(Stored data)

=====

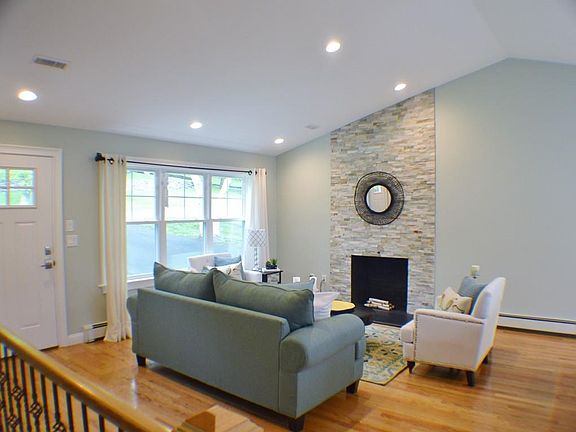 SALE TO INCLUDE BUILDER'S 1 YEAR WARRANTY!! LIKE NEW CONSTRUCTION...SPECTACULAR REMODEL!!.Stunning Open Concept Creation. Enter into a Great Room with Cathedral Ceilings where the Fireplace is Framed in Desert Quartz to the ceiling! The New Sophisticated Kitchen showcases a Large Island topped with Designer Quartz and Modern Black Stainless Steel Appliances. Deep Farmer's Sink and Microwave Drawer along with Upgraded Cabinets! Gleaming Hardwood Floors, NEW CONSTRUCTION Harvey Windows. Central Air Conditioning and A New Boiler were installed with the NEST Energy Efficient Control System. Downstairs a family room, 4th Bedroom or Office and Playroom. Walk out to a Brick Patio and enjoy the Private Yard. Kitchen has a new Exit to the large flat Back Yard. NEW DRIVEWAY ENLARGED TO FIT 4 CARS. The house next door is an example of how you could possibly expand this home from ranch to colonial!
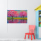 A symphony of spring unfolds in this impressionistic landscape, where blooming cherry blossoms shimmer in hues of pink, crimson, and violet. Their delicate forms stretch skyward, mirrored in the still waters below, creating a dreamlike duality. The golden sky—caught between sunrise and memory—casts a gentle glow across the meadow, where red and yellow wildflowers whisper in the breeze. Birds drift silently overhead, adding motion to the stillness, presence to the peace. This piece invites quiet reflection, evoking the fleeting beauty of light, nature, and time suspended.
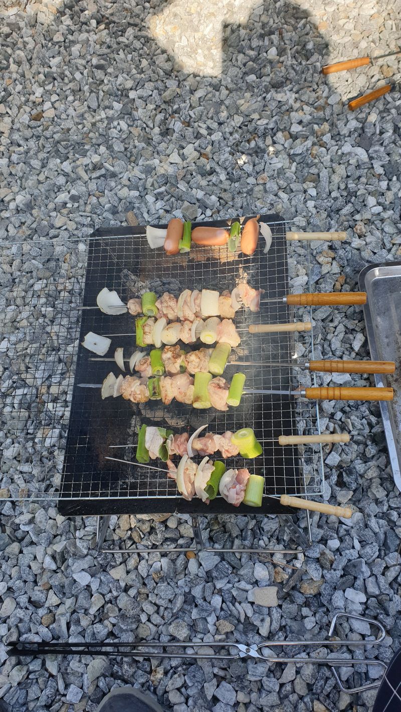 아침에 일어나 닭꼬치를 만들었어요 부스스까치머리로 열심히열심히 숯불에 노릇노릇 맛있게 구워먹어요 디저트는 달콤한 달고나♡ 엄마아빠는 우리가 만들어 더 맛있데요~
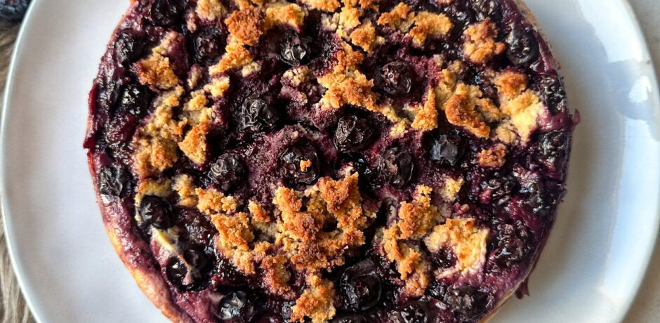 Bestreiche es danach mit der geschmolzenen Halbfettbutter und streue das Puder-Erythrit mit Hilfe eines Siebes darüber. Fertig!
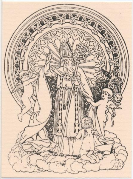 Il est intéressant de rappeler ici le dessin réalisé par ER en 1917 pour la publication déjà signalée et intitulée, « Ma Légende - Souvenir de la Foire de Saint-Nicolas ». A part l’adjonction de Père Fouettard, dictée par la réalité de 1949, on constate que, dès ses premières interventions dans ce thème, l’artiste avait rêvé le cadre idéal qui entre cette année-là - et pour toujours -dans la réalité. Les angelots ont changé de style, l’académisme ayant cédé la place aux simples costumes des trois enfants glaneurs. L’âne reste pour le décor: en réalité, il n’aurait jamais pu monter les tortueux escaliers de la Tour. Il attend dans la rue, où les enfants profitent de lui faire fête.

=====

§ Assigned task:
Only the text of the entries above is to be given again, exactly, with the pictures left out.

§ Exercise output:
 SALE TO INCLUDE BUILDER'S 1 YEAR WARRANTY!! LIKE NEW CONSTRUCTION...SPECTACULAR REMODEL!!.Stunning Open Concept Creation. Enter into a Great Room with Cathedral Ceilings where the Fireplace is Framed in Desert Quartz to the ceiling! The New Sophisticated Kitchen showcases a Large Island topped with Designer Quartz and Modern Black Stainless Steel Appliances. Deep Farmer's Sink and Microwave Drawer along with Upgraded Cabinets! Gleaming Hardwood Floors, NEW CONSTRUCTION Harvey Windows. Central Air Conditioning and A New Boiler were installed with the NEST Energy Efficient Control System. Downstairs a family room, 4th Bedroom or Office and Playroom. Walk out to a Brick Patio and enjoy the Private Yard. Kitchen has a new Exit to the large flat Back Yard. NEW DRIVEWAY ENLARGED TO FIT 4 CARS. The house next door is an example of how you could possibly expand this home from ranch to colonial!
 A symphony of spring unfolds in this impressionistic landscape, where blooming cherry blossoms shimmer in hues of pink, crimson, and violet. Their delicate forms stretch skyward, mirrored in the still waters below, creating a dreamlike duality. The golden sky—caught between sunrise and memory—casts a gentle glow across the meadow, where red and yellow wildflowers whisper in the breeze. Birds drift silently overhead, adding motion to the stillness, presence to the peace. This piece invites quiet reflection, evoking the fleeting beauty of light, nature, and time suspended.
 아침에 일어나 닭꼬치를 만들었어요 부스스까치머리로 열심히열심히 숯불에 노릇노릇 맛있게 구워먹어요 디저트는 달콤한 달고나♡ 엄마아빠는 우리가 만들어 더 맛있데요~
 Bestreiche es danach mit der geschmolzenen Halbfettbutter und streue das Puder-Erythrit mit Hilfe eines Siebes darüber. Fertig!
 Il est intéressant de rappeler ici le dessin réalisé par ER en 1917 pour la publication déjà signalée et intitulée, « Ma Légende - Souvenir de la Foire de Saint-Nicolas ». A part l’adjonction de Père Fouettard, dictée par la réalité de 1949, on constate que, dès ses premières interventions dans ce thème, l’artiste avait rêvé le cadre idéal qui entre cette année-là - et pour toujours -dans la réalité. Les angelots ont changé de style, l’académisme ayant cédé la place aux simples costumes des trois enfants glaneurs. L’âne reste pour le décor: en réalité, il n’aurait jamais pu monter les tortueux escaliers de la Tour. Il attend dans la rue, où les enfants profitent de lui faire fête.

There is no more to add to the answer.